Sunday, July 27, 2014

Why I Constantly Battle to NOT Turn Into my Mother

We've all been told that we're acting like one of our parents at one point in our lives.  However, it's something I actually aspire to ensure that no one says this about me.
Being a parent is the hardest job a person can have.  Now some of you who may not be parents might be rolling your eyes, but seriously, hear me out here.  Being a parent is hard.  Or maybe I should clarify that.  Being a good parent is hard.  The older my son gets, the more I think about my own childhood.  Now I am not going to go on some tangent about how I had the world’s worst childhood.  I had an amazing Dad, my childhood was legions better than others.  But I’ve noticed some things lately.  And since I use writing as my form of therapy, here I go.  Here are some parenting rules that I try to abide by, even if my own parents (well my mother) did not.

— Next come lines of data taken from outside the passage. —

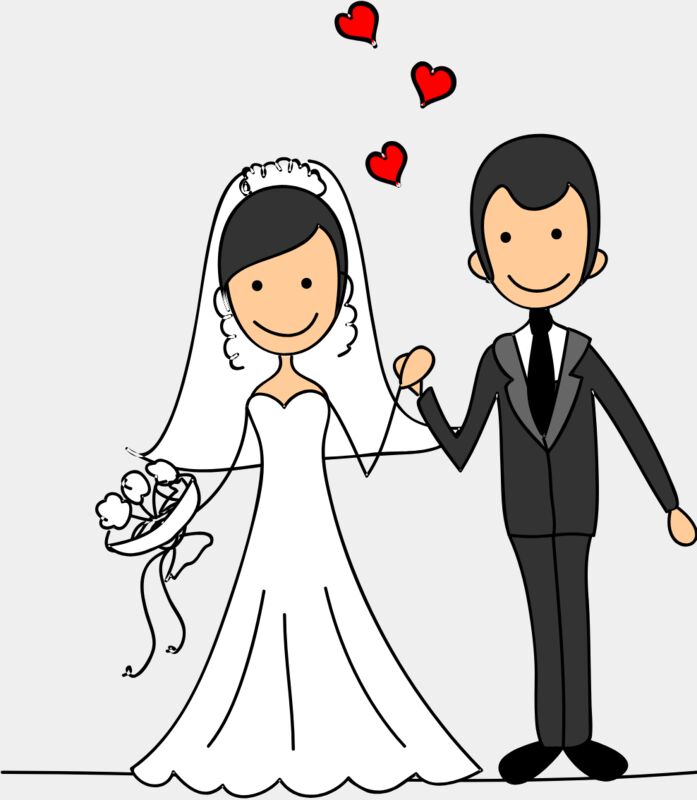 Cartoon Wedding Groom Bride Holding Hands 6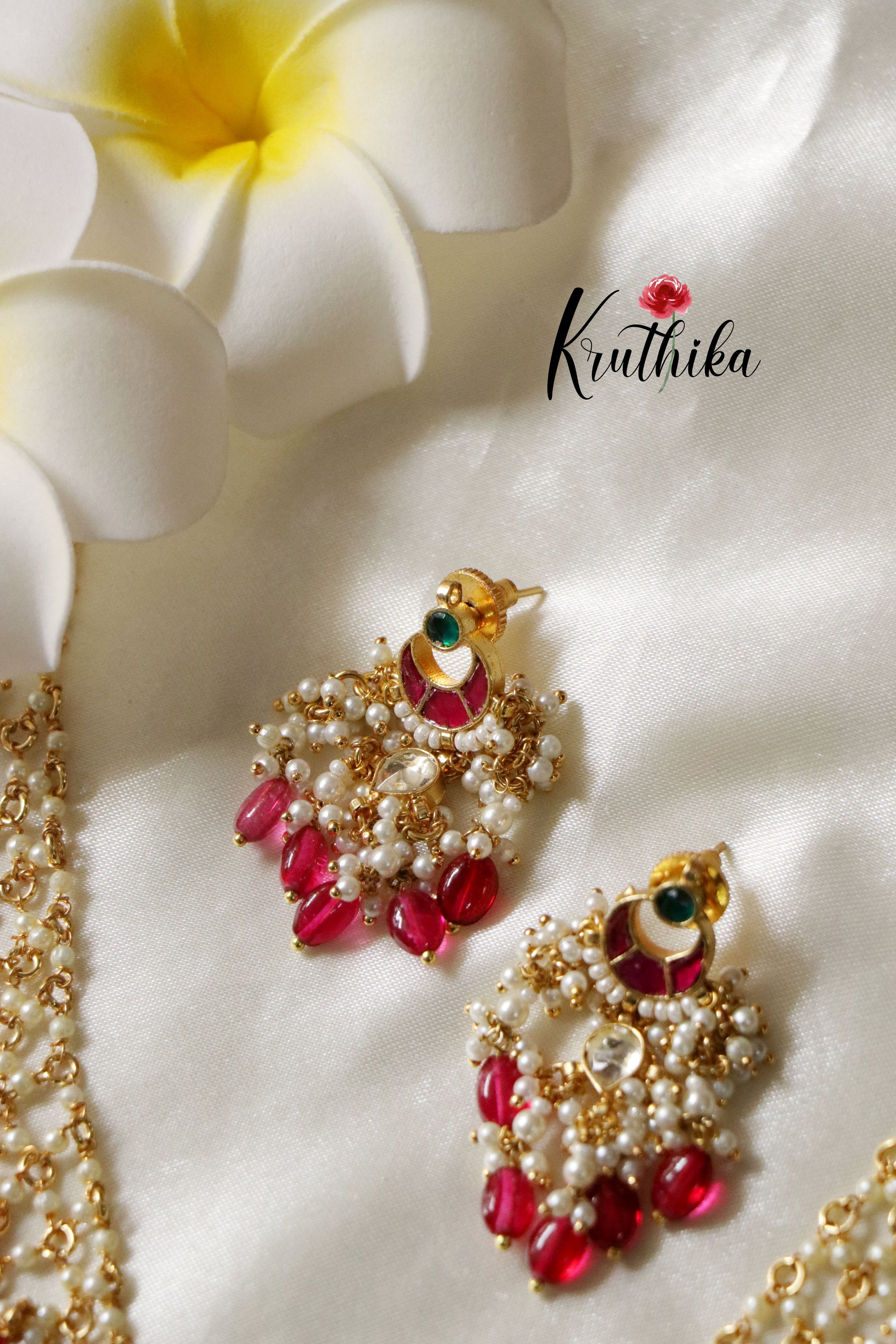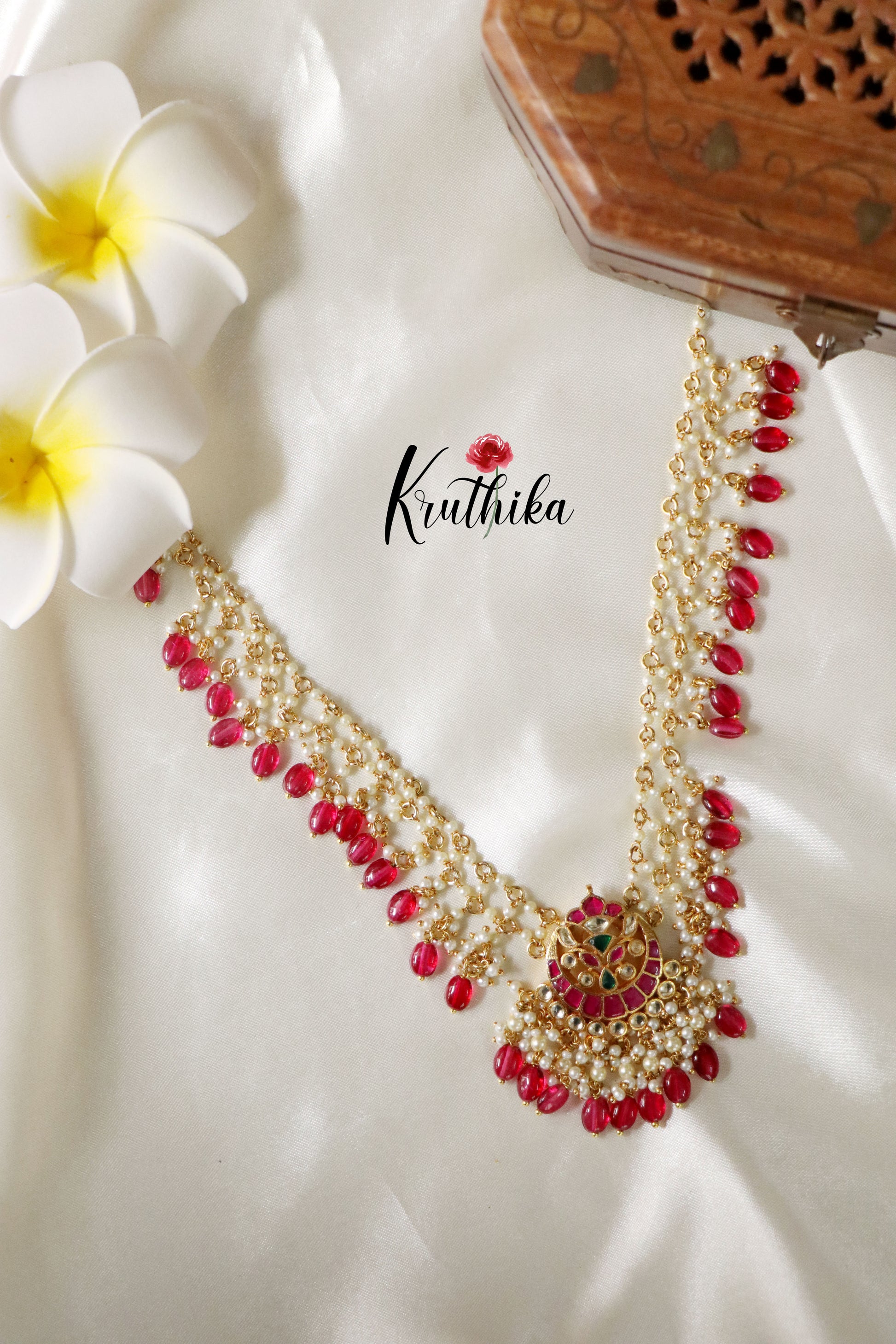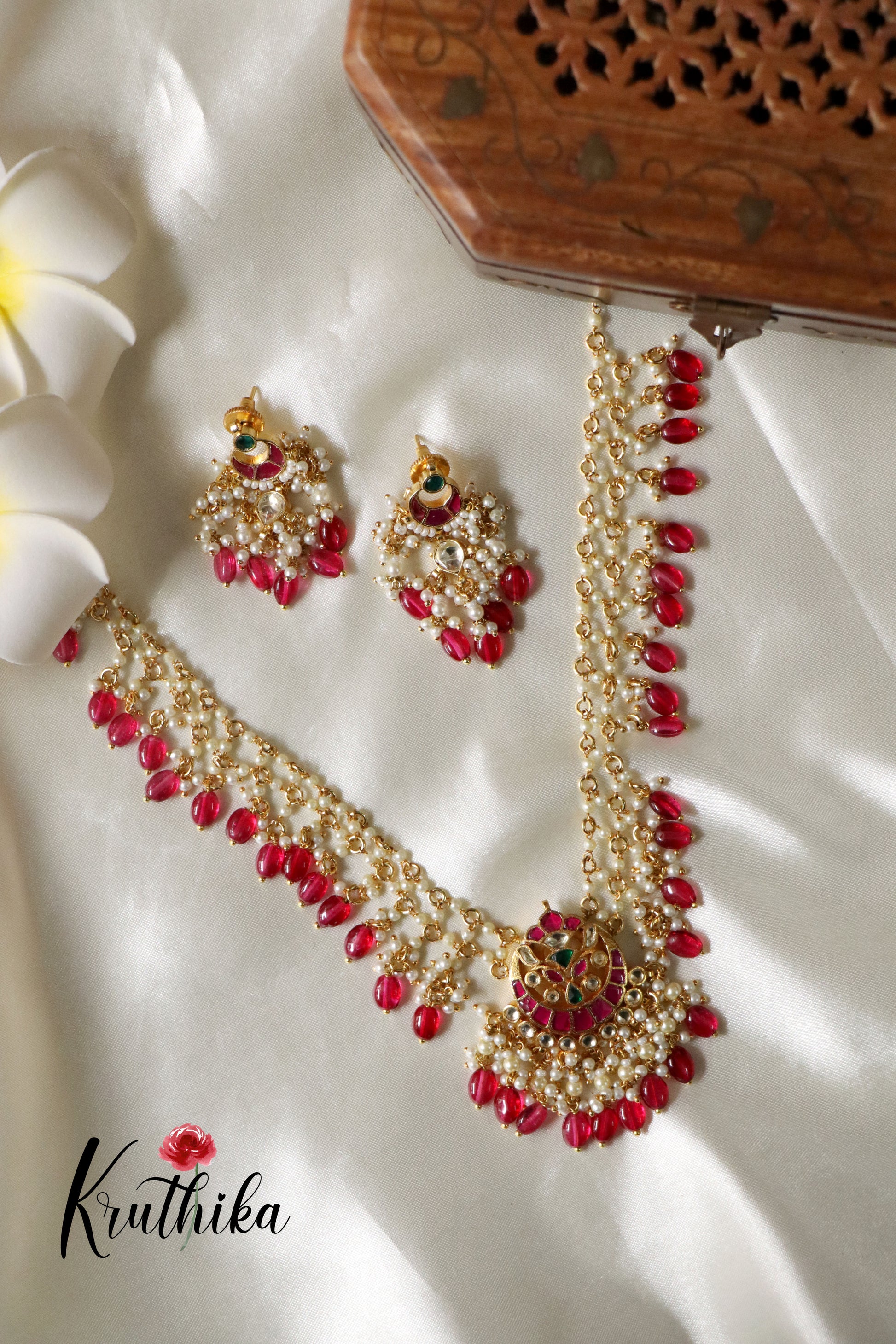 Enhance your style with our stunning Ahemdabadi Jadau Kudan Necklace, paired perfectly with matching earrings. Crafted with high-quality stones & beads, this set combines timeless elegance with a modern touch. Ideal for special occasions or adding a touch of glamour to your look.
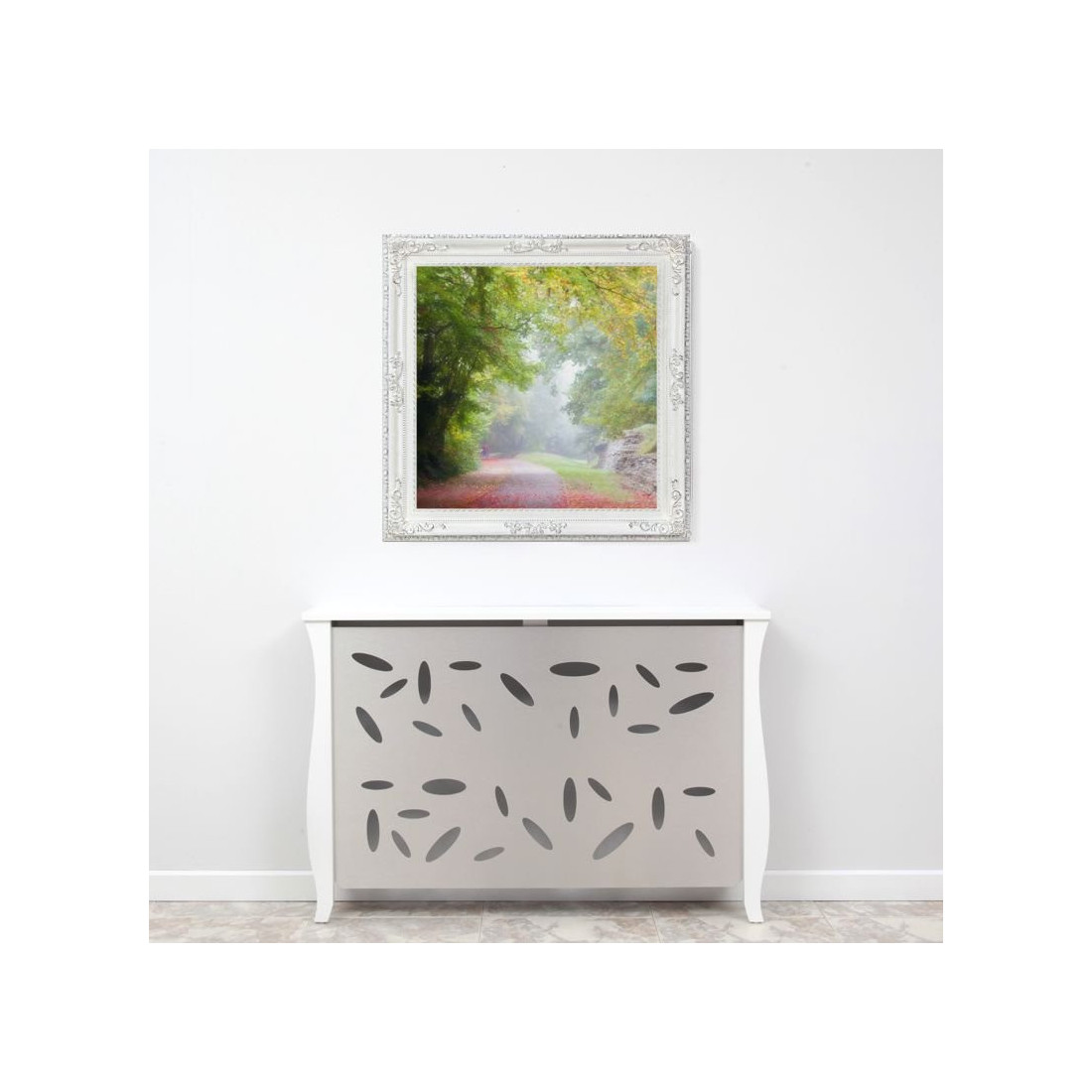 Cuadro paisaje, lámina tratada con barnices de relieve y marco hecho con madera estilo Isabelino. Blanco decapé.
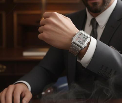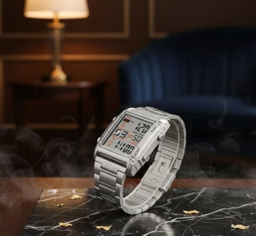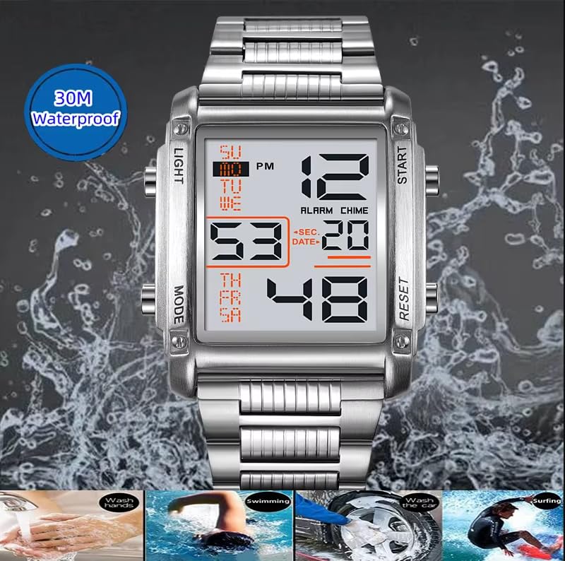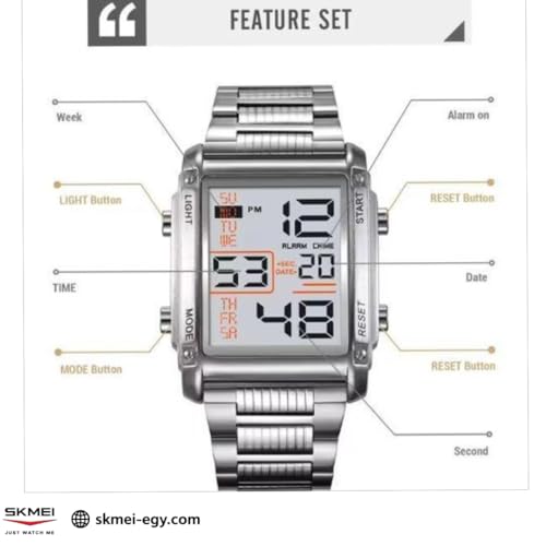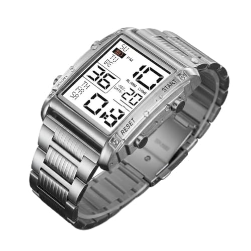 SKMEI - SKMEI 2206 ساعة يد رقمية رياضية للرجال، فولاذ مقاوم للصدأ، سبائك الزنك، إضاءة LED، منبه، تاريخ، ساعة إيقاف، مقاومة للماء 30 متر
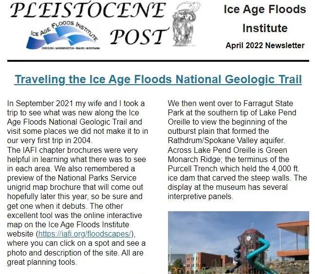 Ice Age Floods Fourth Grade Curriculum Development One of the missions of the Ice Age Floods Institute is to educate young people about the Floods and the influence of the Floods on their lives today. The IAFI Educational Outreach Committee has contracted with the curriculum design firm The Inspired Classroom to produce engaging lesson materials to excite fourth-grade students from across the Northwest about the Ice Age Floods. The curriculum will contain video footage narrated by experts and lesson plans for use by fourth grade teachers in Montana, Idaho, Washington and Oregon. The story, entitled “Scholars Trek on the Ice Age Floods Trail,” will begin with a flyover video of the trail, including Glacial Lake Missoula, the Clark Fork Ice Dam, the Rathdrum Prairie, Spokane Falls, the Channeled Scabland, Lake Lewis, the Columbia River Gorge, Lake Allison, and the deposition of the eroded sediment on the continental shelf at the mouth of the Columbia River. Along the route, students will be introduced to the ways in which the Floods influence society today, including the influence of the Floods on the Spokane Aquifer and on railroad and highway routes across the Pacific Northwest. Funding for the project will come from grants, the IAFI, and from private benefactors. The continued support of IAFI members through membership dues and donations helps fund projects like this. The Education Committee is made up from a sampling of IAFI Board Members and Chapter Presidents from each state: Jim Shelden (Glacial Lake Missoula); Tony Lewis (Coeur du Deluge); Melanie Bell and Consuelo Larrabee (Cheney-Spokane); Gary Kleinknect (Lake Lewis) and Dale Lehman (Puget Lobe.) In the future, the Education Committee plans to work on curriculum materials for middle and high school students. By Dale Lehman, 04/14/2022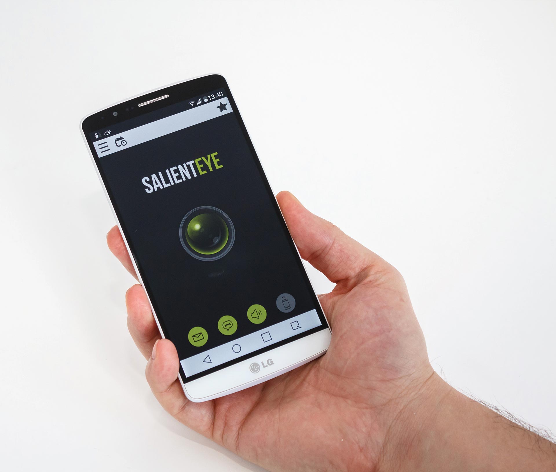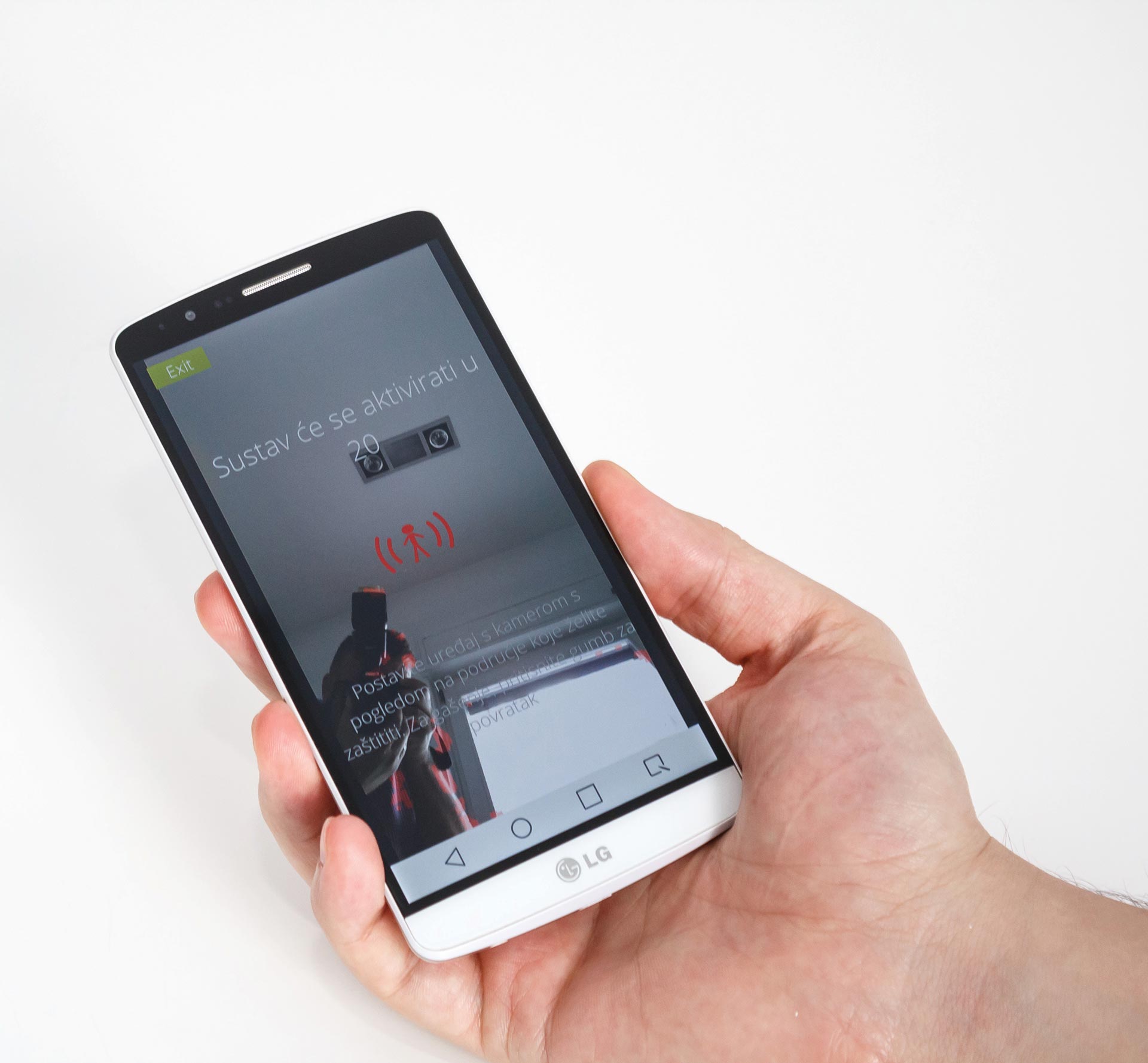 6. Sada se vratite u glavno sučelje, Android uređaj postavite na željeno mjesto i pritisnite veliki zeleni gumb. Time ćete pokrenuti Salient Eye, kojemu treba 20 sekundi da se “naoruža”. Imajte na umu doduše da je Salient Eye izuzetno osjetljiv te stoga nemojte stajati u blizini unutar tih 20 sekunda.

1        1. Never Discourage Your Kids

I thought of this as I watched my son throw on a get up of plaid shorts, a graphic tee, black dress up shoes and white socks.  Yup.  I let my kid go out in public like this.  Why?  Well it made him happy.  He likes to pick out his own outfits, and with first grade creeping around the corner, he needs to take ownership of getting ready.  Did he match?  Not really.  As a rule should anyone wear white socks, shorts, and black dress shoes?  Probably not.  Is it the end of the world that I let him dance to his own beat?  Definitely not! 
I remember auditioning for a television show when I was young.  It was around fifth grade, and WJAR held auditions for their kids news show.  My Dad took me to the “auditions” which really constituted of answering a few questions in the first round, and then the lucky few would move on.  Not surprising to anyone who knows me, I was a horrible math student even then.  However, I hadn’t given up yet.  I was trying; I would even practice on my own.  This was going to be my year I conquered math!  So when the interviewer asked me what my favorite subject was I of course said “math” in my attempts to actually like the subject from hell more.  I never made the second cut, but my Dad, who was an engineer, was overjoyed that I chose math as an answer.  My hopes were dashed of course when I got home and my mother asked why would I ever answer that, and my answer probably cost me a chance at the second round.  Yes, my mother in her “infinite glory” taught me that to succeed I needed to push math out of my mind. 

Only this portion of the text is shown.